Early stabilization in the homotopy groups of spheres

Thanks to Freudenthal we know that $\pi_{n+k}(S^n)$ is independent of $n$ as soon as $n \ge k+2$. However, I was looking at the table on Wikipedia of some of the homotopy groups of spheres and noticed that $\pi_2^S$ (the second stable stem) and $\pi_6^S$ are achieved earlier than required by the suspension theorem. So my question is:

What is known about this phenomenon of early stabilization in the homotopy groups of spheres? Does it occur finitely many times or infinitely many times? Also, is there any sort of intuitive reason why stabilization might occur early?

Also, I spotted a few times where stabilization almost appeared, but there was a pesky copy of $\mathbb{Z}$ that appeared and then disappeared right before the stable range. I'm talking about the cases of $\pi_{11+n}(S^n)$, $\pi_{15+n}(S^n)$, and $\pi_{19+n}(S^n)$. I assume this has something to do with Hopf elements showing up somewhere?

I know pretty much nothing about this except the basic homotopy theory, a few very small calculations, and the Pontrjagin construction relating all of this to framed manifolds- so any references or illuminating insights would be helpful!

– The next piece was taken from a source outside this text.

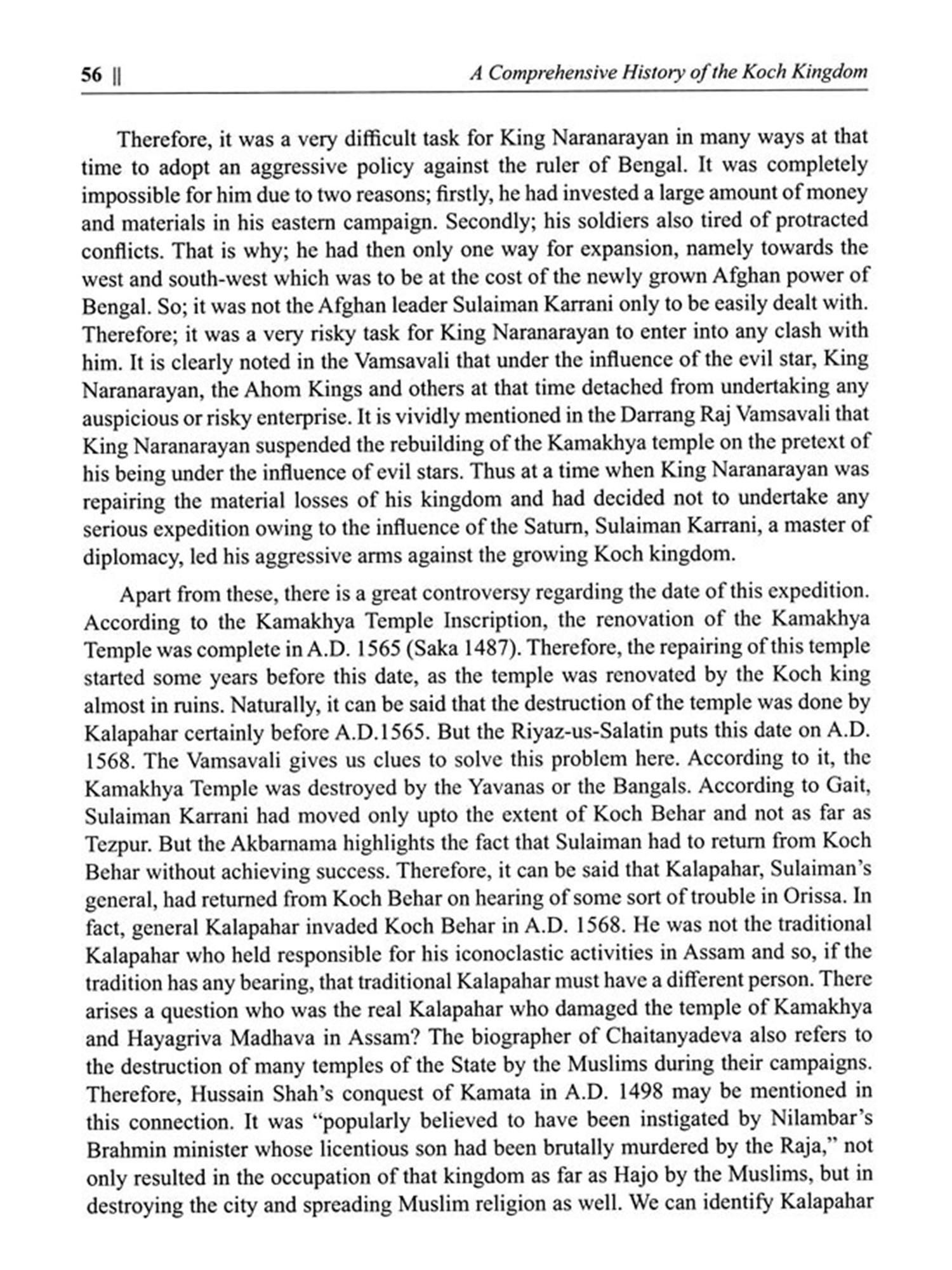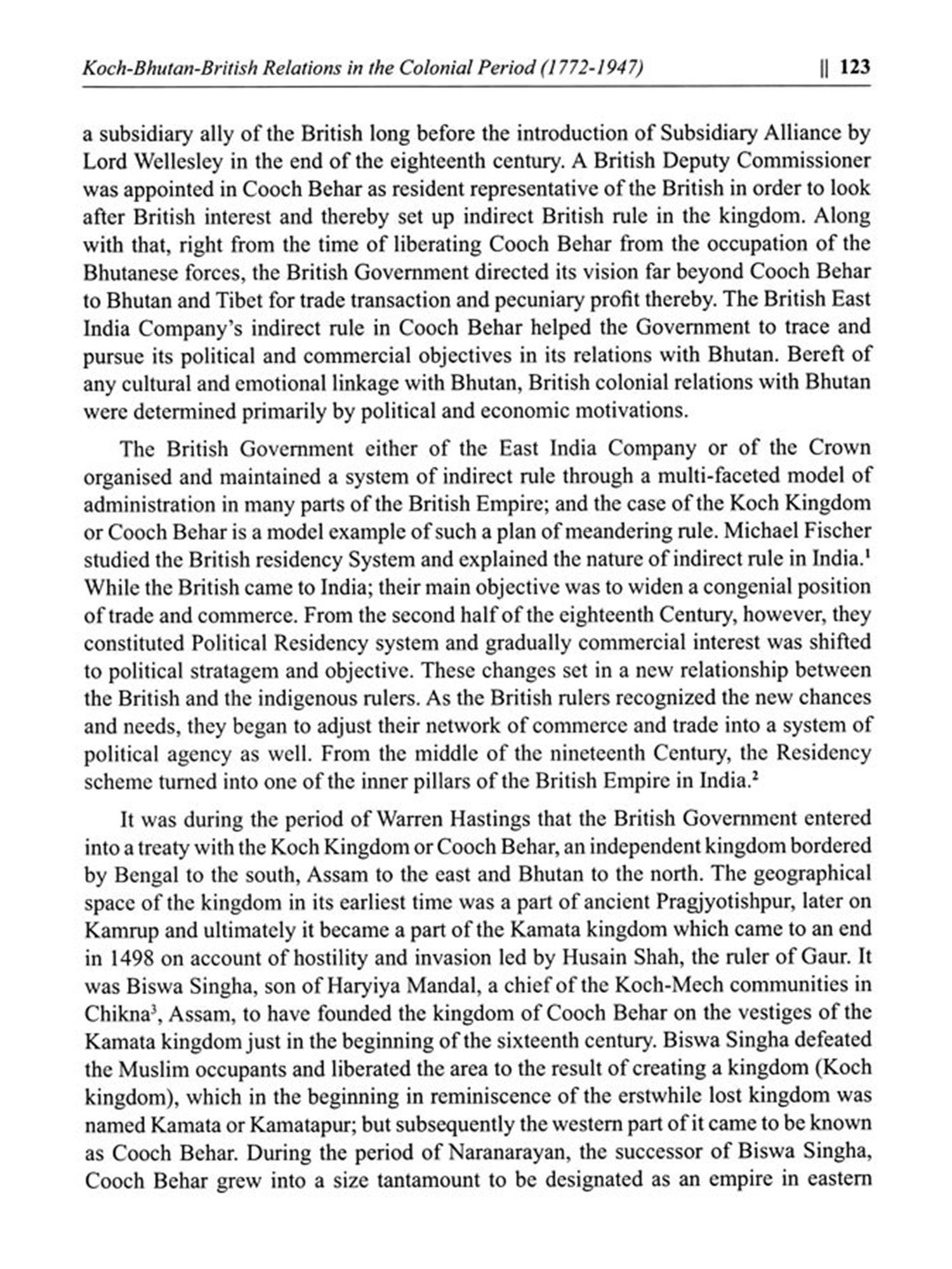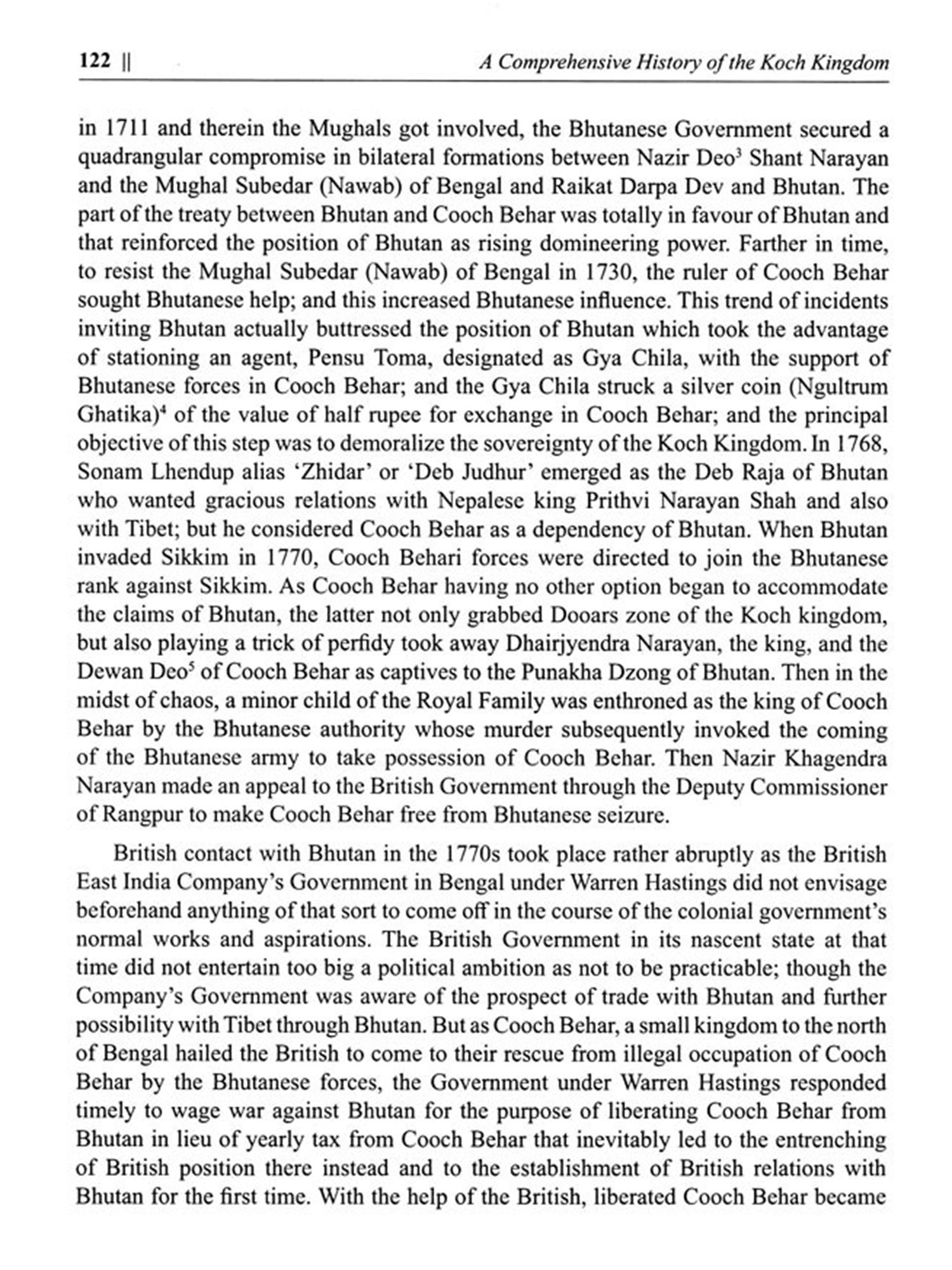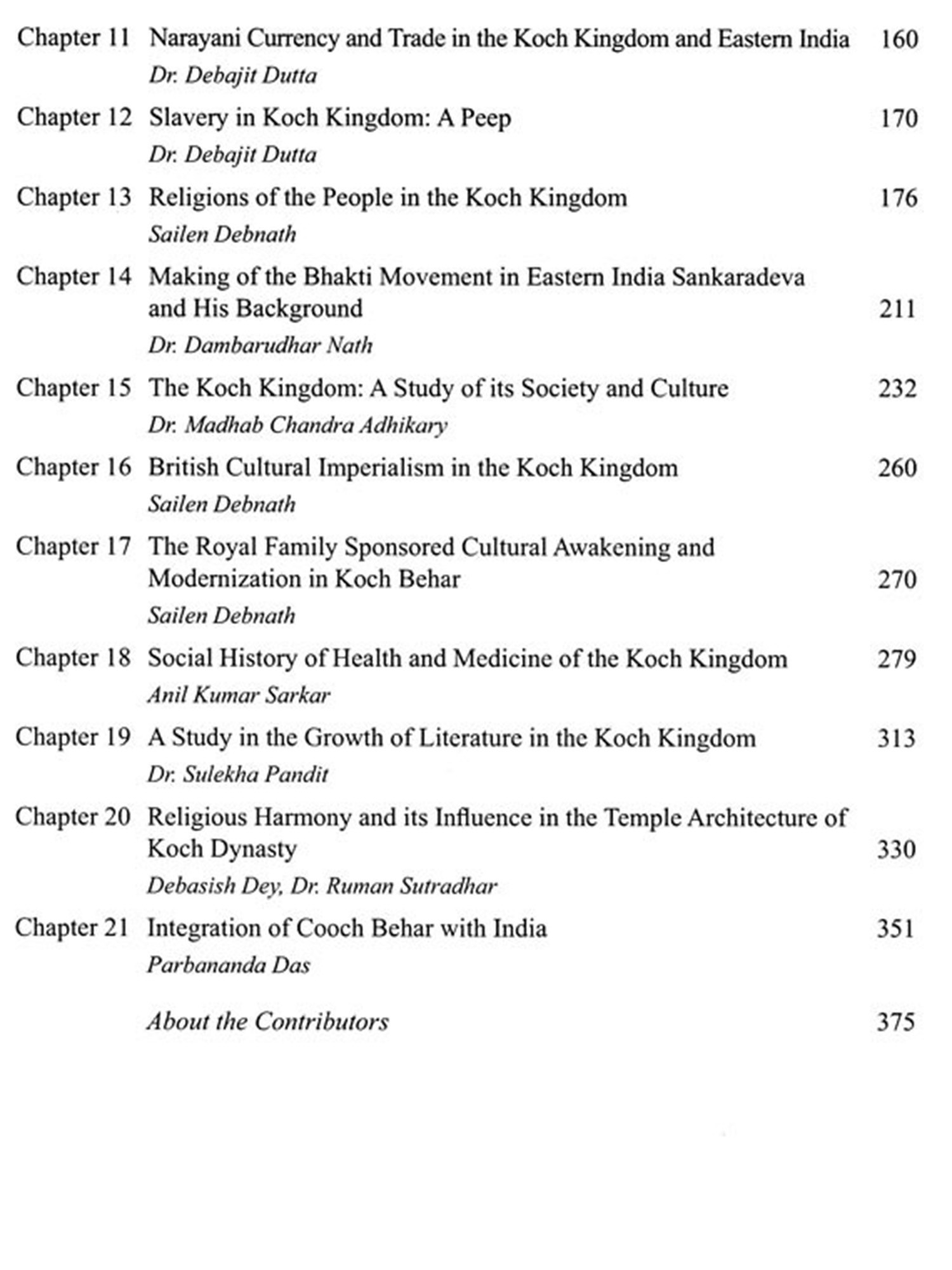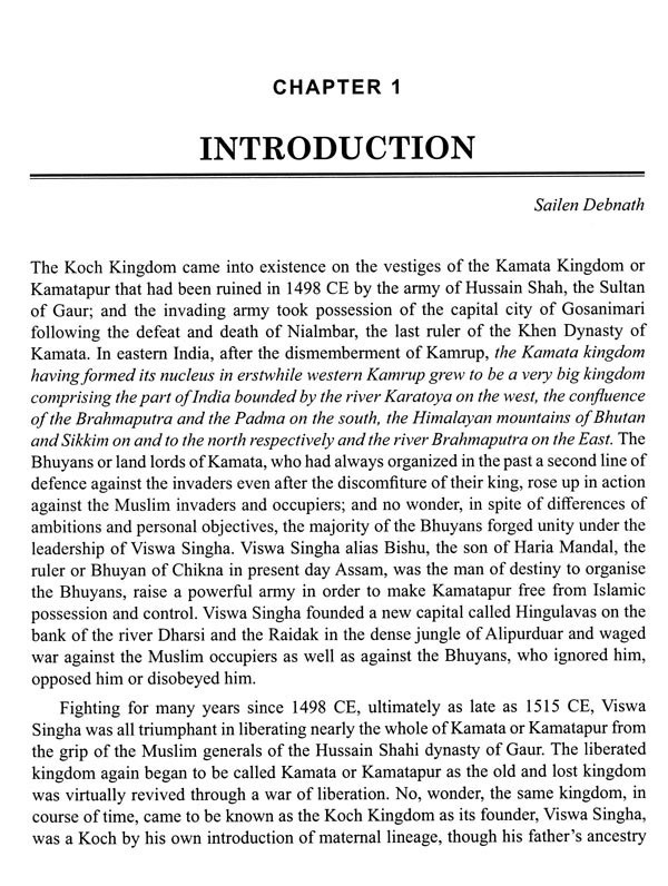 There have hitherto been only few books on the Koch Kingdom, but none of them covers the entire spectrum and different aspects of its history. Most of the few books, as available, are bereft of the most required researches to bring the unknown factors of the kingdom into light; therefore, such books are just copies of the preliminary writings on the history of the kingdom in the past. On the review of such lacunae in the historical studies about the Koch kingdom, there cropped up the plan of putting together the writings of the best scholars and connoisseurs in the field for the composition and edition of a book covering all the aspects-political, social, economic and cultural- of the evolution of the history of the Koch Kingdom. This book, per se, is an attempt to make the overall history of the kingdom apprehensible in the totality of its aspects to all the readers of history.

• Another close call is $\pi_{9+n}(S^n)$. – Dylan Wilson Dec 26 '10 at 22:26

Nice question! Funny enough, the answer is that you've already found all of the examples of early stabilization (excepting, of course, the fact that you didn't mention $\pi_n S^n$ stabilizing early). This is true even if you ignore odd torsion.

The "pesky copy of ℤ" is indeed related to the Hopf invariant. The fact that these classes exist on the edge of the stable range goes back to Serre's work where he shows exactly which homotopy groups of spheres contain a free summand.

More generally, though, the way one can see what's going on at the edge of the stable range is to use the EHP sequence - see, for example, http://web.math.rochester.edu/people/faculty/doug/mypapers/ehp.pdf. For any integer $n > 0$, there is (2-locally) a homotopy fiber sequence $$S^n \to \Omega S^{n+1} \to \Omega S^{2n+1}$$ and this gives rise to a long exact sequence of homotopy groups (after 2-localization) $$\cdots \to \pi_{2n} S^n \mathop\to^E \pi_{2n+1} S^{n+1} \mathop\to^H \pi_{2n+1} S^{2n+1} \mathop\to^P \pi_{2n-1} S^n \mathop\to^E \pi_{2n} S^{n+1} \to 0.$$ Here the maps labelled "E" are for suspension, the maps labelled "H" are for the Hopf invariant, and the maps labelled "P" are for something related to a Whitehead product. We know the middle term, so we can rewrite this: $$\cdots \to \pi_{2n} S^n \mathop\to^E \pi_{2n+1} S^{n+1} \mathop\to^H \mathbb{Z} \mathop\to^P \pi_{2n-1} S^n \mathop\to^E \pi_{2n} S^{n+1} \to 0.$$ The last map on the right is the "edge" of the stable range and so you have early stabilization if and only if this map is an isomorphism, or equivalently if the map "P" is zero. The map "P" is zero if and only if the map "H" is surjective.

However, "H" in this case really is the classical Hopf invariant: if you have an element $f:S^{2n+1} \to S^{n+1}$ viewed as an attaching map, the element $Hf$ detects which element of $H^{2n+2}$ is the square of the generator of $H^{n+1}$ in the space $Cf$ obtained by using $f$ to attach a cell. J.F. Adams proved that the only time $Hf$ can take the value 1 is if $n+1$ is 1, 2, 4, or 8. So the only time you could have early stability is when the stable stem $n-1$ is -1, 0, 2, or 6. (EDIT: Had an indexing error at the end. Sorry.)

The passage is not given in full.